From the line containing "карауле, как на" through the last line of the entries below, transcribe each line exactly, excluding any picture.

Collected data entries
· · · · · · ·
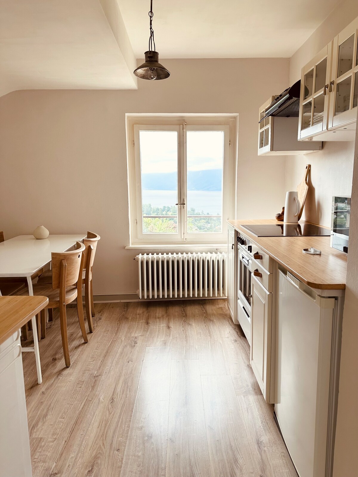 Flat entirely renovated and newly furnished, at the 3rd floor of an old villager house, close to Lausanne. Quiet, traversing with wonderful view on Geneva Lake and Alps! Living and dining room, bedroom with double bed 180cm, fully furnished kitchen, side bedroom with 2 single beds, bathroom with bathtub, hall with small desk. Laundry with washing machine and dryer at disposal. Balcony.
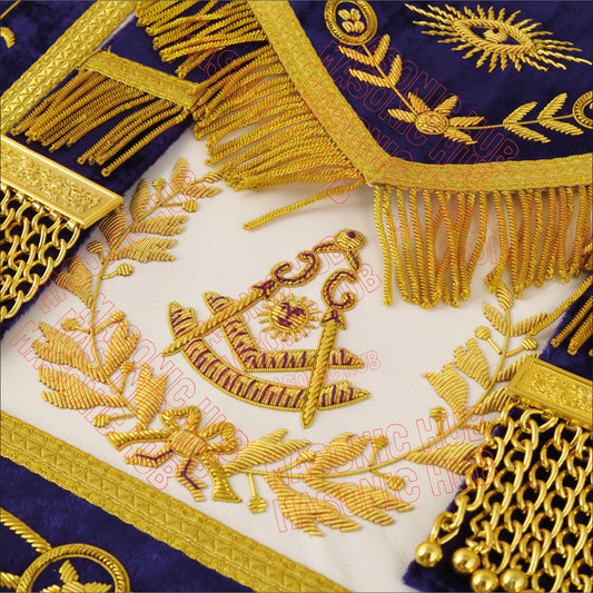 Gold Hand Bullion Past Master Embroidery 100% Lambskin Aprons Past Master- GOLD FRINGE
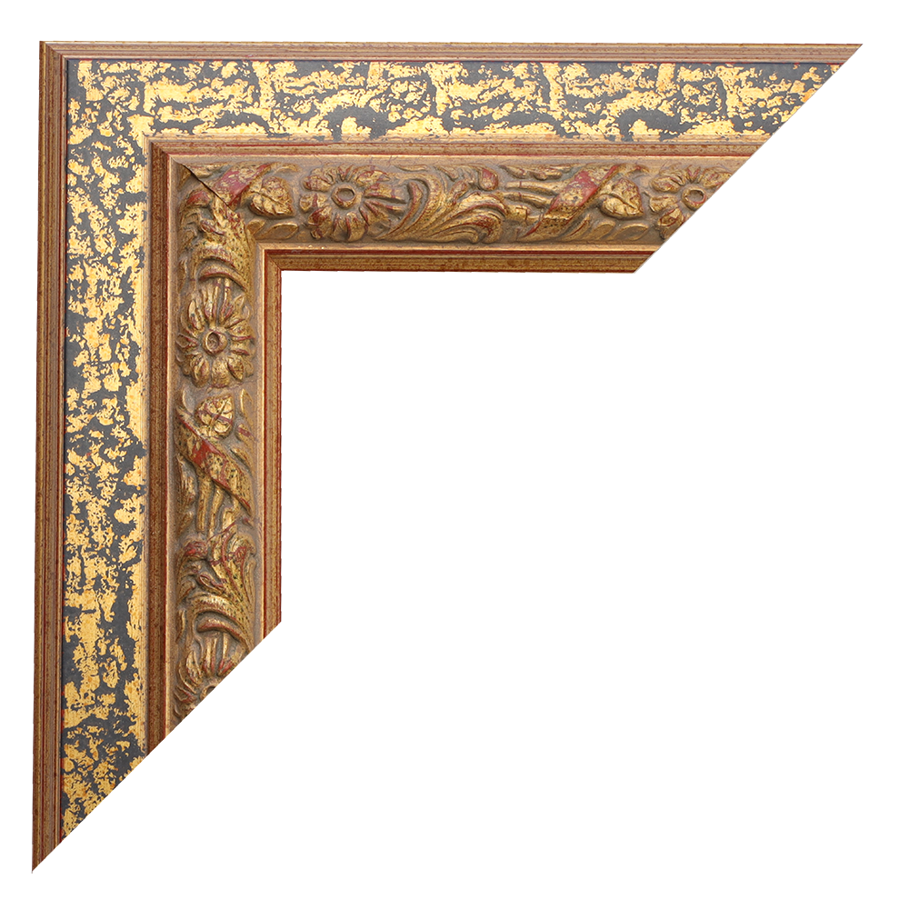 Italiaanse houten lijst in barokstijl, 90 mm breed en 40 mm hoog, goud met speelse details.
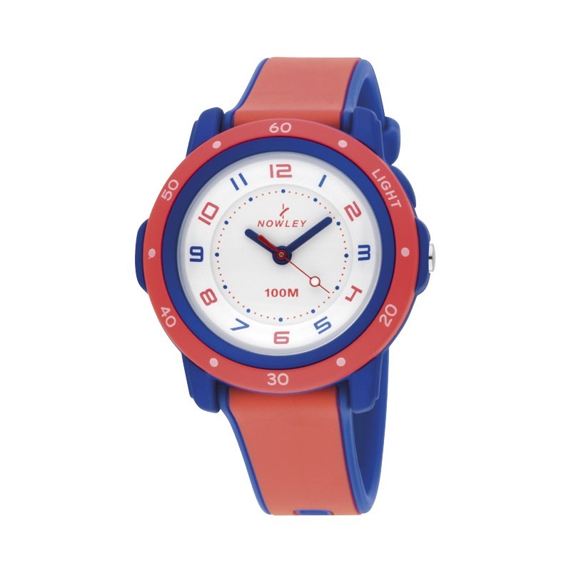 Dětské hodinky Nowley Racing mají plastové pouzdro, sklíčko i řemínek. Hodinky mají také osvětlení. Quartz strojek hodinek pohání baterie. Rozměry hodinek jsou 35 x 33 x 13 mm a vodotěsnost 10 ATM. Funkce: Hodiny, minuty, sekundy, světlo.
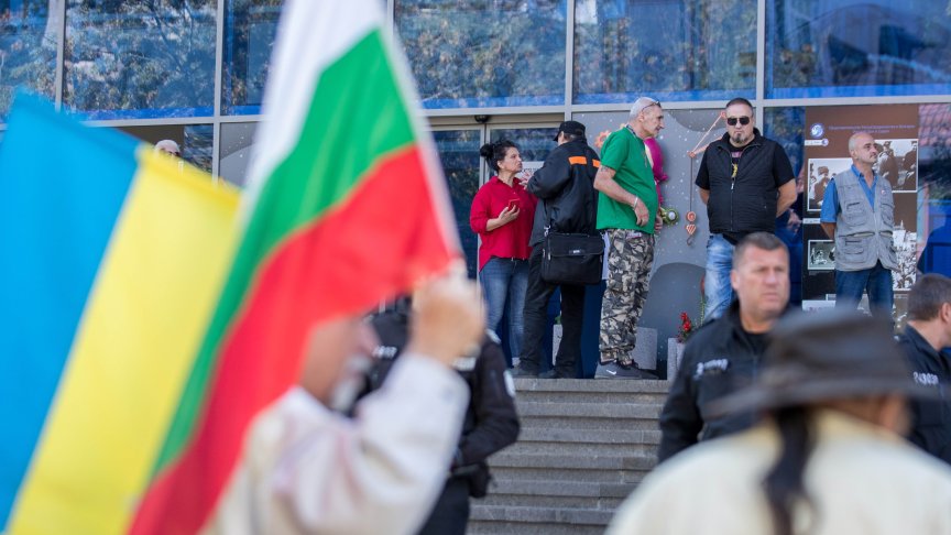 Защитници на Украйна се събраха пред Руския културно-информационен център (СНИМКИ)
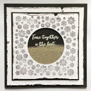 Stamp and heat emboss your sentiment in the centre of a piece of black card, line up in the window and trim to fit. Sprinkle a pile of beads in the centre and stick the top piece onto it making sure there is glue on the foam layer all around the aperture to keep the beads inside.
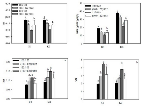 不同嫁接组合钾利用效率数据分析图
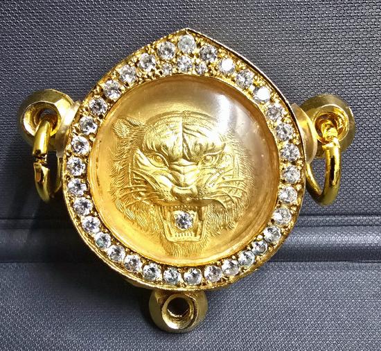 เหรียญกลมหน้าเสือ รุ่น"เจริญพร" หลวงปู่บุญมา โชติธัมโม วัดเขาแก้วทอง ปราจีนบุรี เนื้อนวะโลหะชุบทองคำ ฝังเพชรปาก ใส่ตลับอิตาลีชุบทองฝังเพชร 3 ห่วง หมายเลข ๕...พร้อมห้อยสวยๆครับ เคาะแรกแดง (ไม่มีกล่อง
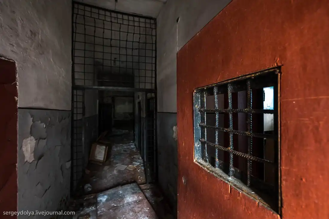 Надпись: "В карауле, как на войне - будь бдительным вдвойне". Это карцер:
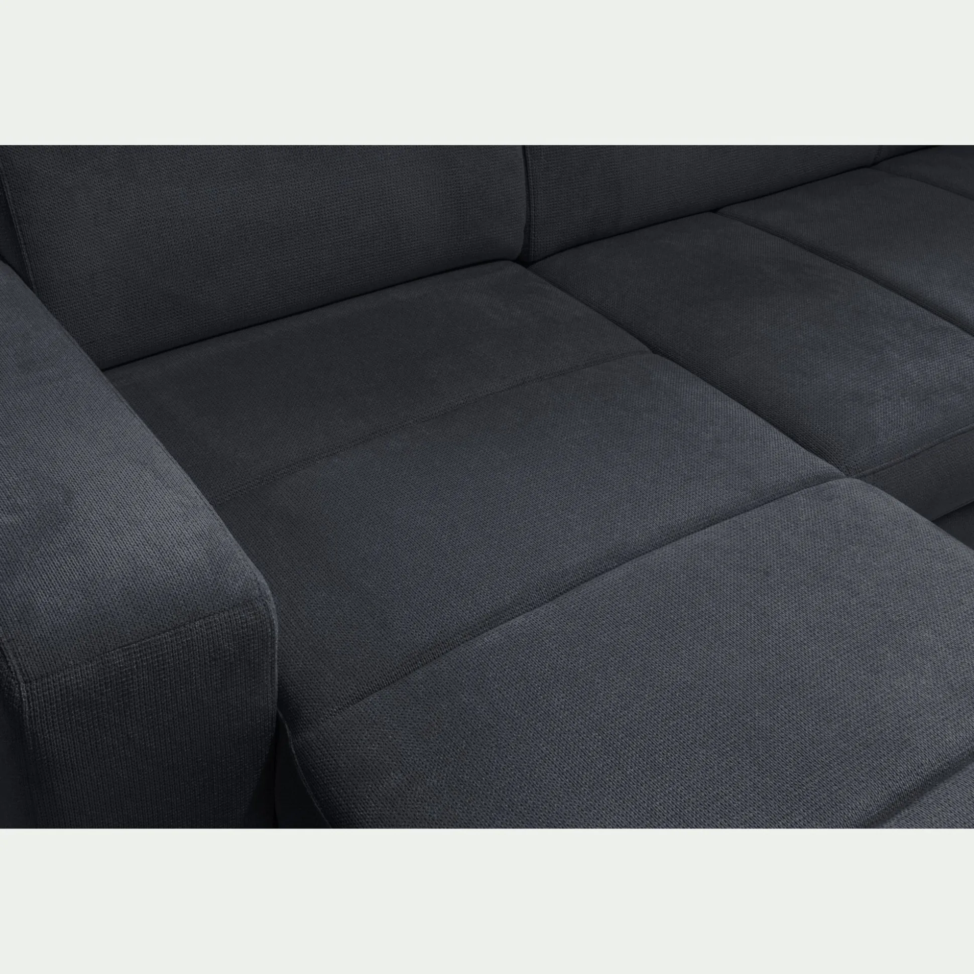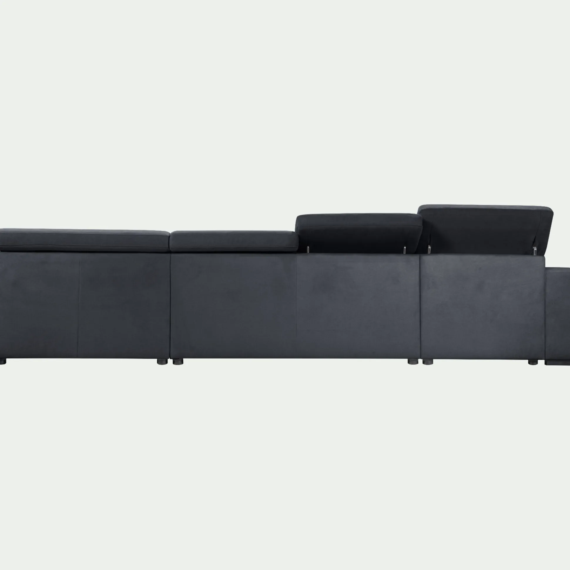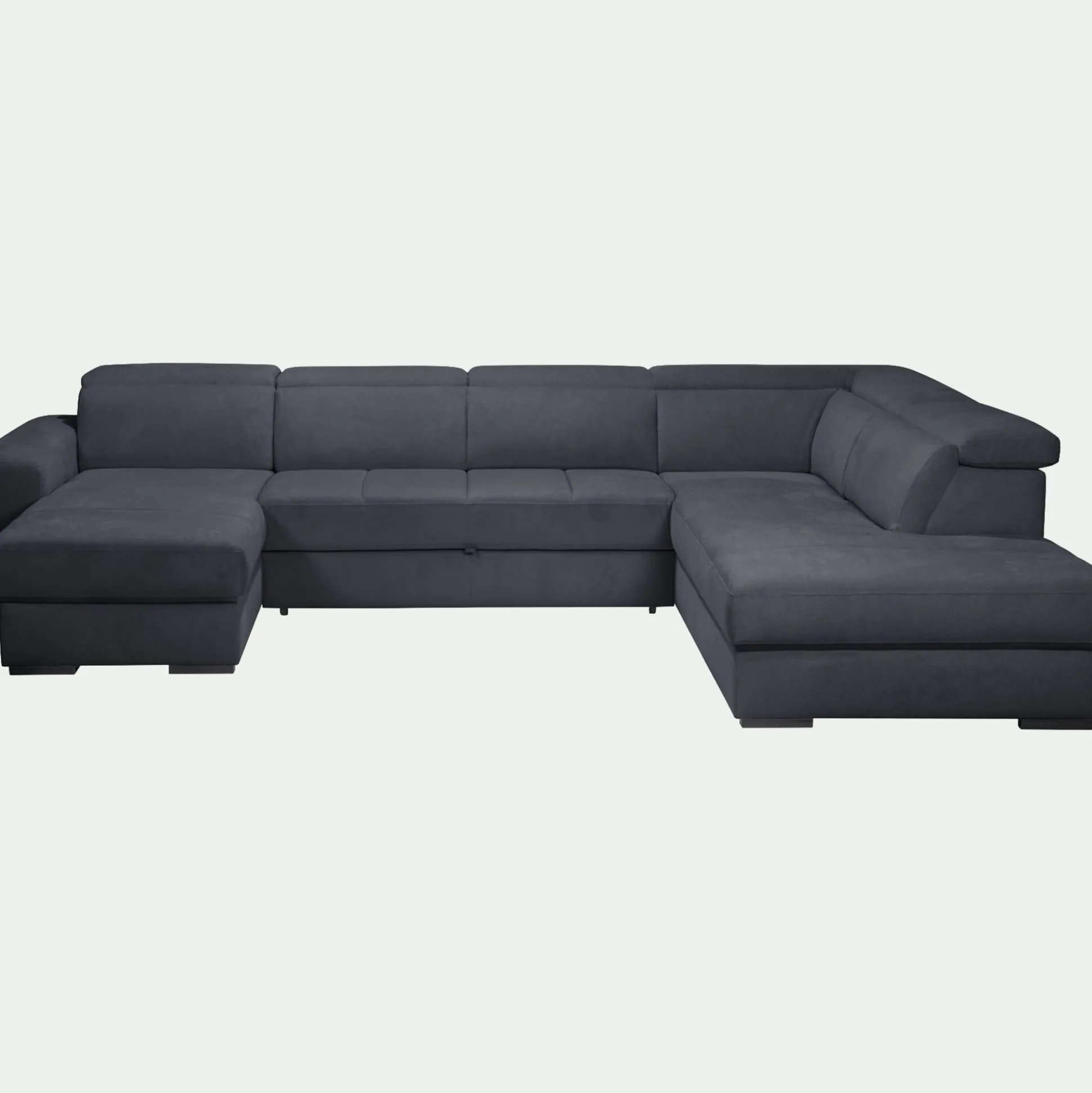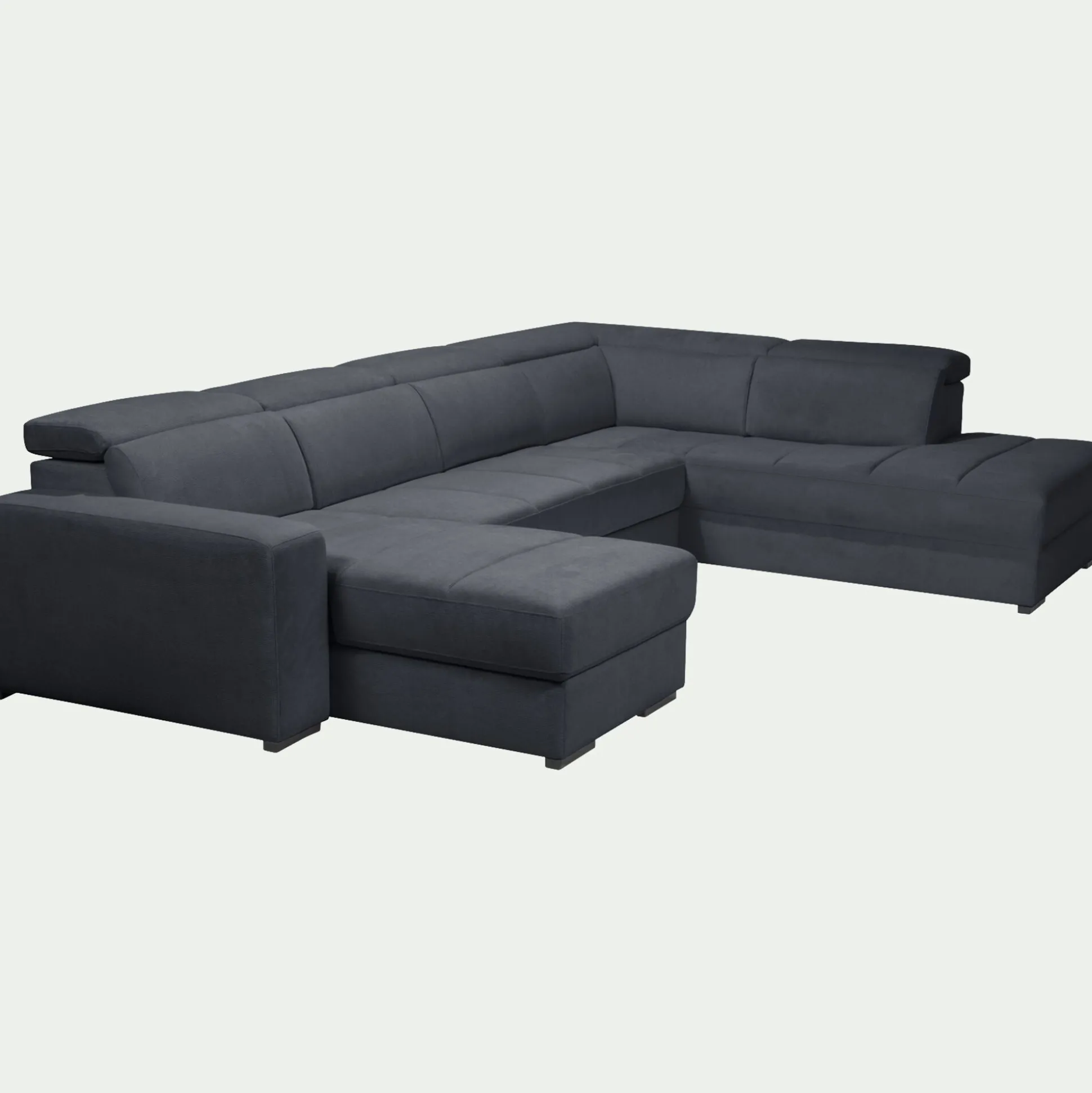 Canapé panoramique convertible avec méridienne gauche en tissu doux – bleu calabrun
· · · · · · ·
- [TASK RESULT]:
 Надпись: "В карауле, как на войне - будь бдительным вдвойне". Это карцер:
 Canapé panoramique convertible avec méridienne gauche en tissu doux – bleu calabrun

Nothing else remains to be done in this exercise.